When most people are confronted with the plight of the poor, they are perhaps overwhelmed with sympathy for their sufferings and filled with shame at the world’s structural inequities. But when marketers notice the struggle and squalor of the lower classes, they see opportunity: “How can we extract from them what little they have for products we inflate the significance of?” Today’s WSJ has a piece about advertisers targeting the poor, called “Marketers Pursue the Shallow-Pocketed.” Having saturated the middle-class and luxury markets, what remains untapped is the potential of the poor, who as a class make up for what little they have to spend with their sheer numbers—a lot of poor people buying a little is just as good as the few rich people buying a great deal. This, anyway, is the pet idea of economist C.K. Prahalad, who peddles the idea that the poor will see improvements in their life if businesses began to cater to them and try to hawk them branded goods. The poor get flattered by the recognition of their special needs and integrated into the market (the only relevant social institution), and the businesses fatten their profits, win-win.

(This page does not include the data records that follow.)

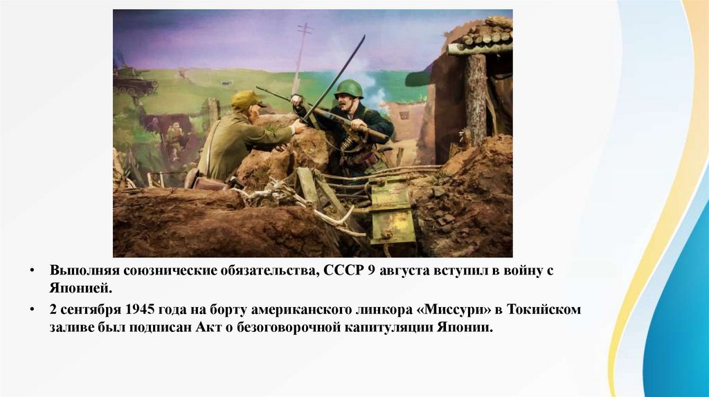 • Выполняя союзнические обязательства, СССР 9 августа вступил в войну сЯпонией.
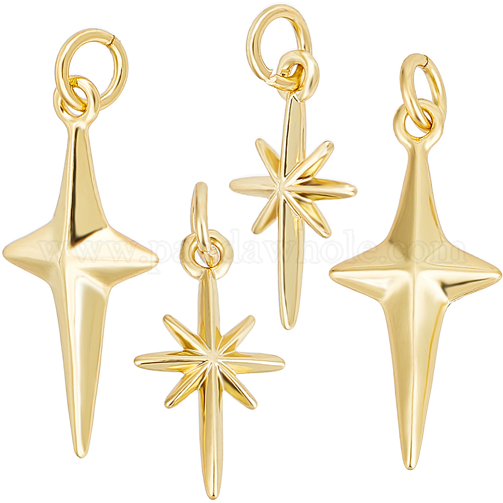 • Настоящее золото 18K 12 шт 2 стиль латунные подвески, с прыжковых колец, звезда, реальный 18 k позолоченный, 17~23x9.7~10.5x2.5~4 мм, отверстие : 3~3.4 мм, 6 шт / стиль
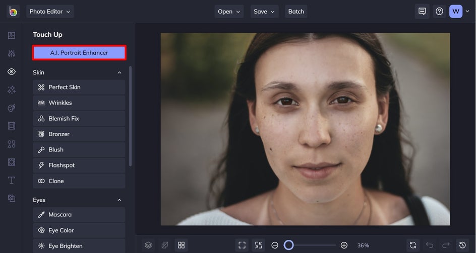 Head to BeFunky's Photo Editor and upload a photo by using the Open tab or by dragging it from your files into the interface. This is located at the top of the Touch Up menu.
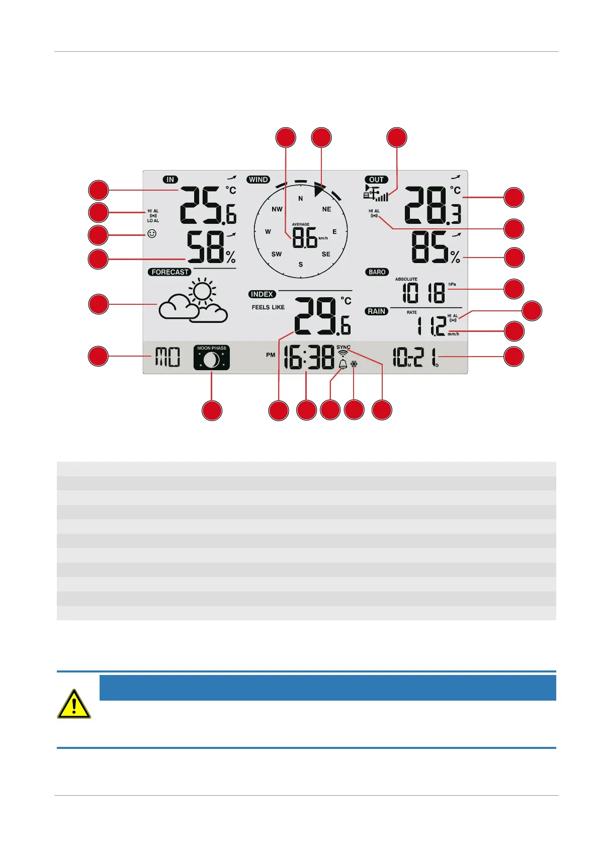 21 Temperature alarm indoors enabled 22 Indoor temperature

It seems constructive when companies seek to give the poor opportunities to subvert some of the inequities of the credit market by offering them alternative means to pay, but offering them an opportunity to participate in brand culture seems counterproductive—brands are about making the class structure visible, not effacing it. (Though brands associated with the poor would allow some sympathetic middle-class slummers to feel faux solidarity with the poor by using them, similar to how I earned all that street cred and deep understanding of black culture as a teenager by drinking Old English 40-ouncers in the rural Pennsylvania town where I went to college.) And there may be some bumps on the road, as when advertising people see just how destitute the poor are:
But communicating with low-income groups remains something of a mystery for multinational firms. Marketers and ad agencies are full of well-educated and well-off employees who know little about how the other half lives. A trip into slums or lower-class neighborhoods is frequently a “mind-blowing” experience, says Johnny Wei, Nestlé Brazil’s director of regionalization and low income.
Another problem, the inconvenient fact that the poor are uneducated. “lliteracy is one big challenge. In Brazil’s northeast, Unilever solved that problem by launching a brand of soap called Ala. ‘It’s three letters, and two are the same,’ says Fabio Prado, Unilever’s vice president of marketing for Brazil.” So apparently the poor are protected from marketing by the inconceivable misery of their lives and their lack of the basic education necessary to participate in the mainstream of public life. Perhaps I should try to remember that when I’m dreaming about being assaulted with fewer advertisements; abject poverty might be the cost of that dream.